Let $(X_{i},Y_{i})$ be i.i.d random variables. For example, we could pick people at random from a population and measure their height ($X$) and weight ($Y$). One question of interest is to predict the value of $Y$ from the value of $X$. This may be useful if $Y$ is difficult to measure directly. For instance, $X$ could be the height of a person and $Y$ could be the xxx In other words, we assume that there is an underlying relationship $Y=f(X)$ for an unknown function $f$ which we want to find. From a random sample $(X_{1},Y_{1}),\ldots ,(X_{n},Y_{n})$ we try to guess the function $f$. If we allow all possible functions, it is easy to find one that fits all the data points, i.e., there exists a function $f:\mathbb{R}\rightarrow \mathbb{R}$ (in fact we may take $f$ to be a polynomials of degree $n$) such that $f(X_{i})=Y_{i}$ for each $i\le n$ (this is true only if we assume that all $X_{i}$ are distinct which happens if $X$ has a continuous distribution). This is not a good predictor, because the next data point $(U,V)$ will fall way off the curve. We have found a function that ''predicts'' well all the data we have, but not for a future observation! Instead, we fix a class of functions, for example the collection of all linear functions $y=mx+c$ where $m,c\in \mathbb{R}$ and within this class, find the best fitting function.

 

Remark 182
One may wonder if linearity is too restrictive. To some extent, but perhaps not as much as it sounds at first.
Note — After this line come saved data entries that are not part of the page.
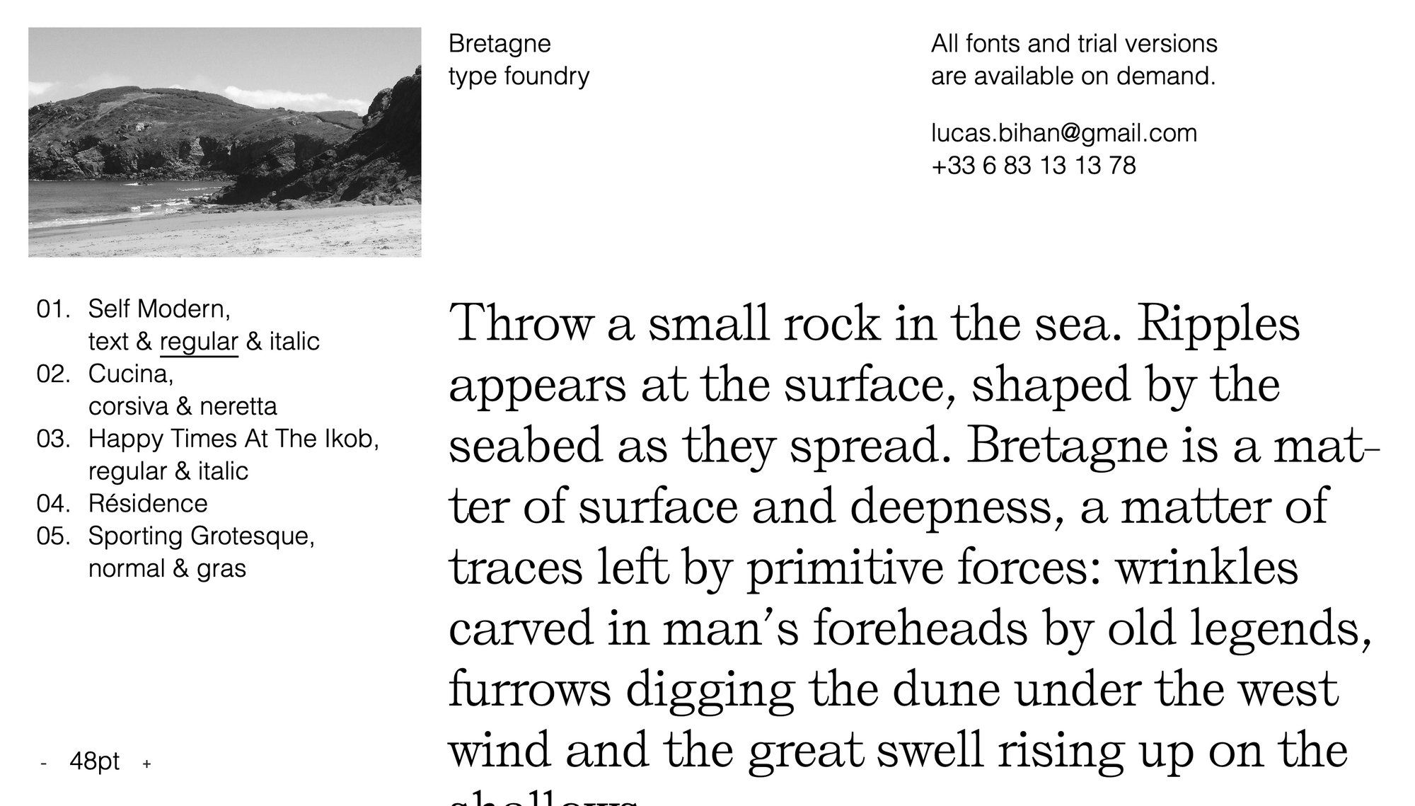 Self Modern is a serif typeface designed by Lucas Le Bihan and published through Bretagne in 2016. The family is available in text, regular and italic styles.
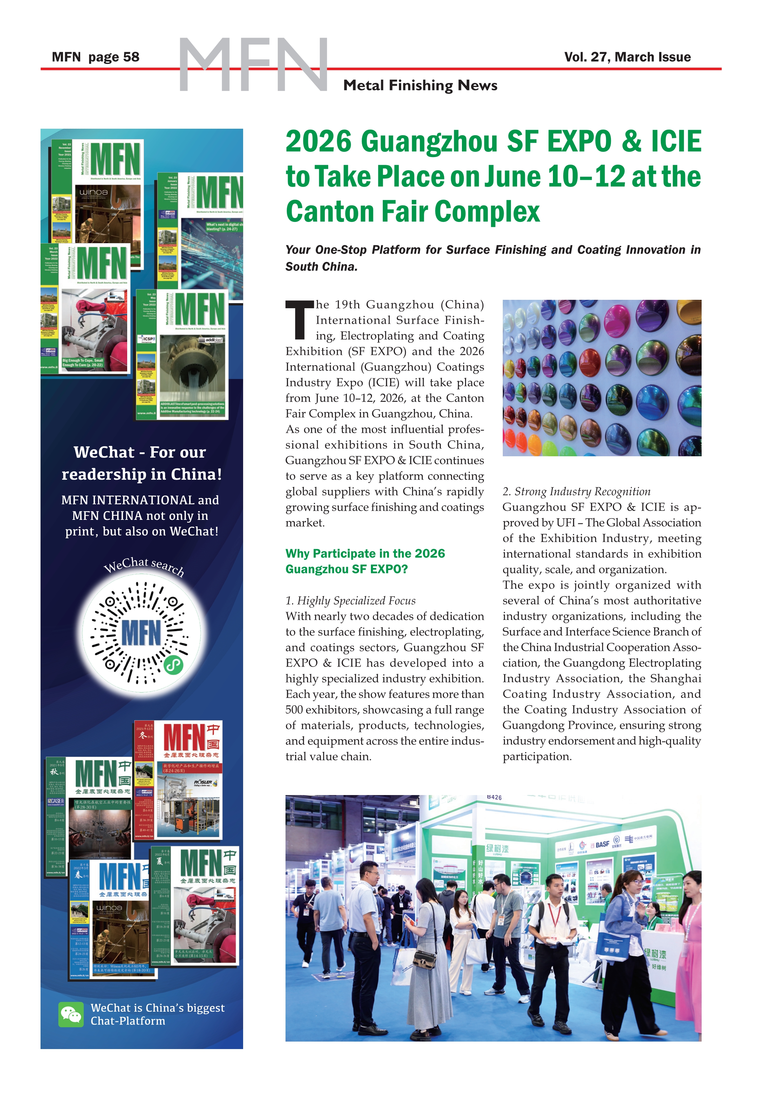 MFN国际版三月刊已上传第19届国际(广州)表面处理 电镀 涂装展览会和 2026 国际(广州)涂料工业展览会展会新闻:
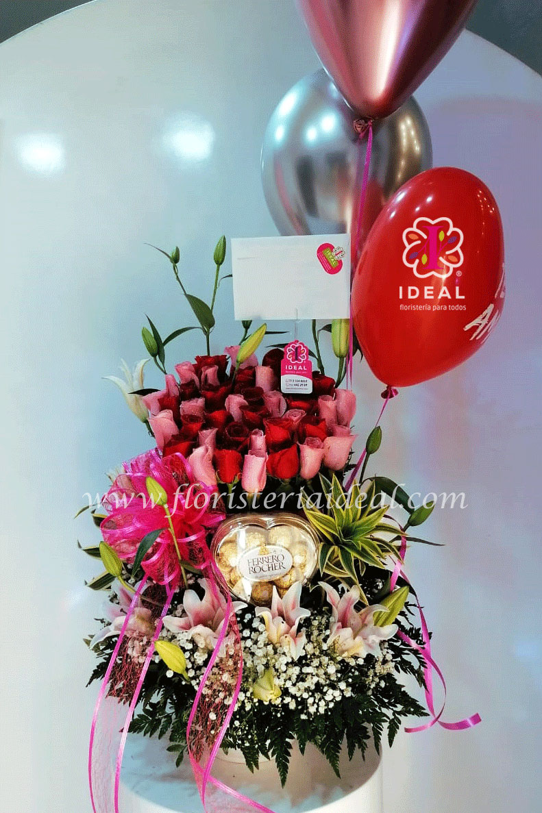 Arreglo floral elaborado en bellas rosas, lirios y delicado follaje, incluye deliciosos chocolates ferrero rocher en su presentación de 8 unidades en forma de corazón, globos en helio y tarjeta para la ocasión
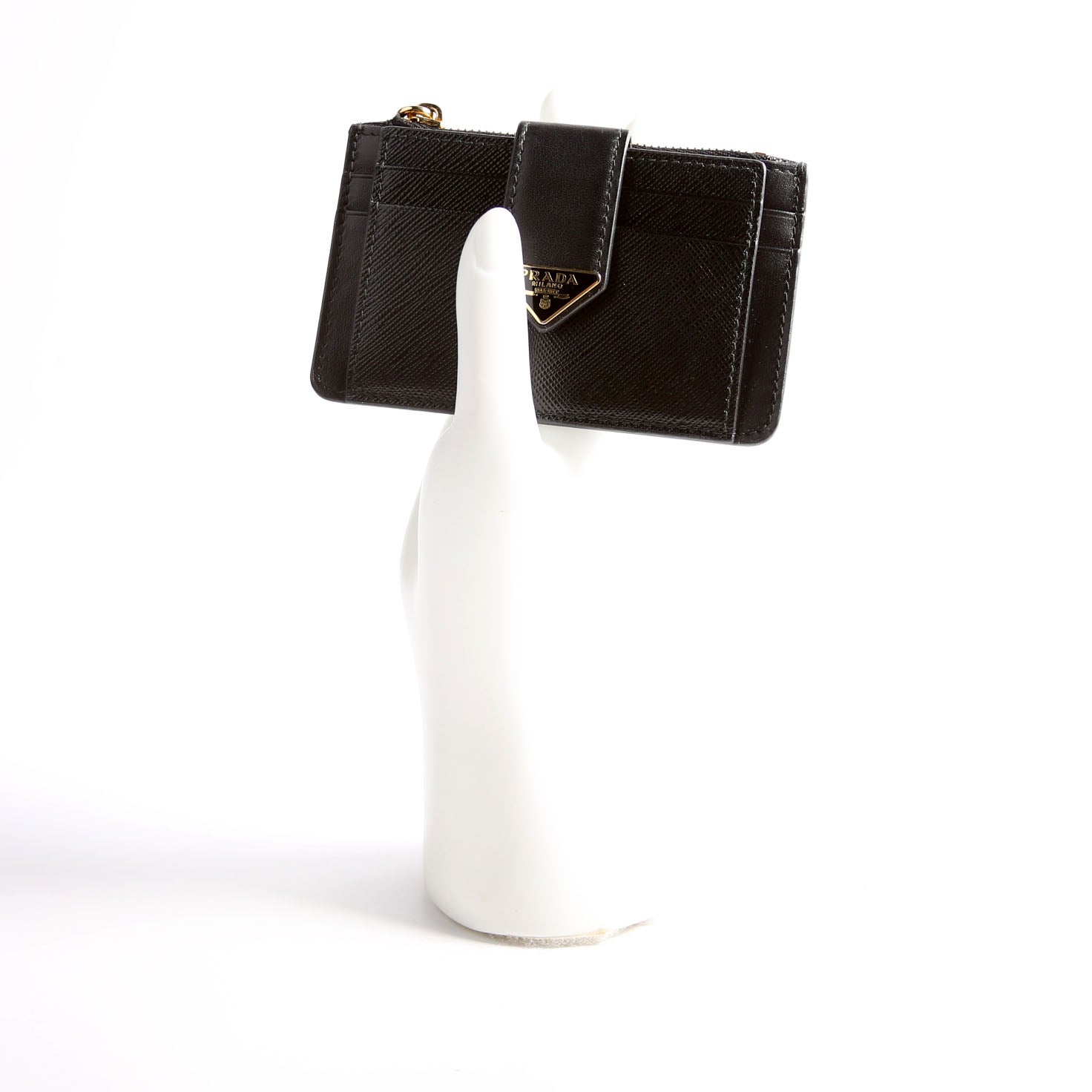 This pre-owned Prada Triangle Logo Zip Card Case is guaranteed 100% authentic. The exterior is in the classic Prada Saffiano leather.

  1. Firstly, many relationships are linear in a reasonable range of the $X$ variable (for example, resistance of a materiaal versus temperature).
  2. Secondly, we may sometimes transform the variables so that the relationship becomes linear. For example, if $Y=ae^{bX}$, then $\log(Y)=a'+b'X$ where $a'=\log(a)$ and $b'=\log(b)$ and hence in terms of the new variables $X$ and $\log(Y)$, we have a linear relationship.
  3. Lastly, as a slight extension of linear regression, one can study multiple linear regression, where one has several independent variables $X^{(1)},\ldots, X^{(p)}$ and try to fit a linear function $Y=\beta_{1}X^{(1)}+\ldots +\beta_{p}X^{(p)}$. Once that is done, it increases the scope of curve fitting even more. For example, if we have two variable $X,Y$, then we can take $X^{(1)}=1$, $X^{(2)}=X$, $X^{(3)}=X^{2}$. Then, linear regression of $Y$ against $X^{(1)},X^{(2)},X^{(3)}$ is tantamount to fitting a quadratic polynomial curve for $X,Y$.
In short, multiple linear regression along with non-linear transformations of the individual variables, the class of functions $f$ is greatly extended.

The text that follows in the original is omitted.